▶ _INPUT FOR THIS TASK_
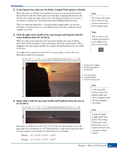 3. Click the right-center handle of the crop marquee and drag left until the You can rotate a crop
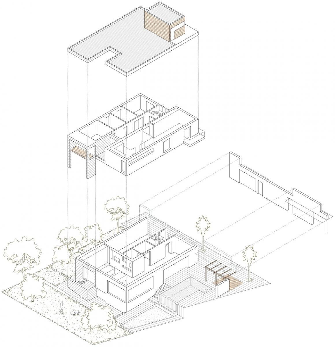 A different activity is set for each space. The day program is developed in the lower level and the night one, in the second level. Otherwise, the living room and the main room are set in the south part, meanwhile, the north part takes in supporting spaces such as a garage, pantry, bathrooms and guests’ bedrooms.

---

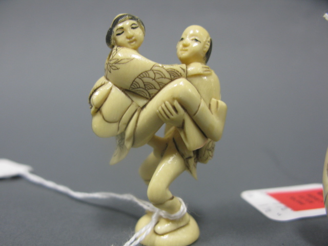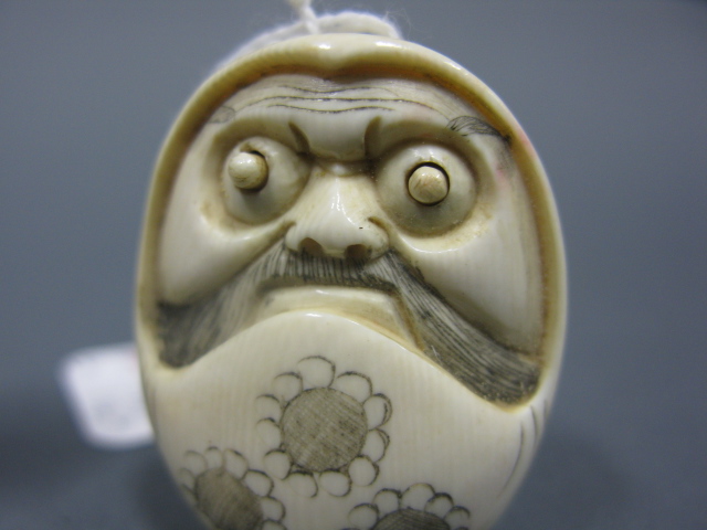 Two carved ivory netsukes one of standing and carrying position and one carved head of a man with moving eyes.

...

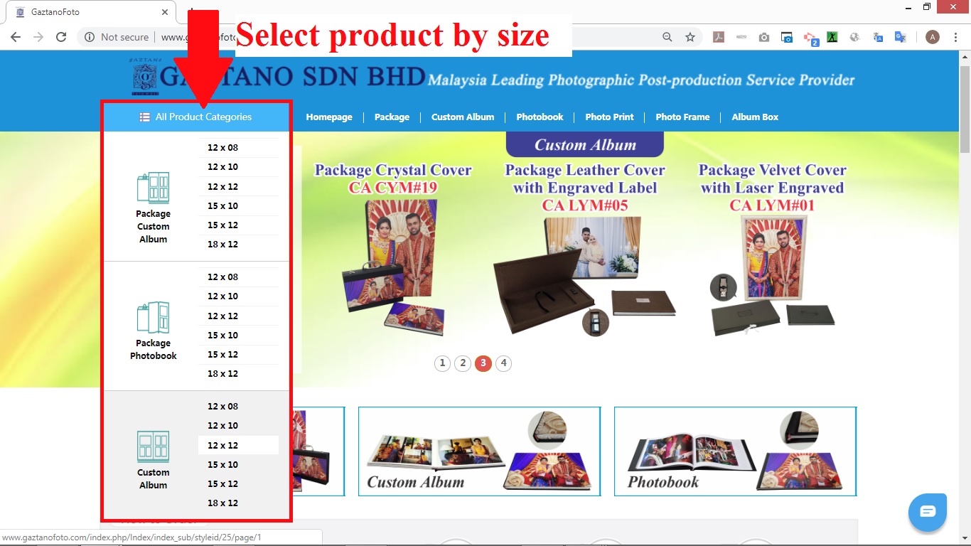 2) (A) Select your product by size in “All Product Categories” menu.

▶ _EXERCISE INSTRUCTIONS_
Start with the line with "3. Click the" in the listing above and stop after the line with "A different activity". Write out exactly the lines in that stretch and no others, without pictures.

▶ _SOLUTION TO THE EXERCISE_
 3. Click the right-center handle of the crop marquee and drag left until the You can rotate a crop
 A different activity is set for each space. The day program is developed in the lower level and the night one, in the second level. Otherwise, the living room and the main room are set in the south part, meanwhile, the north part takes in supporting spaces such as a garage, pantry, bathrooms and guests’ bedrooms.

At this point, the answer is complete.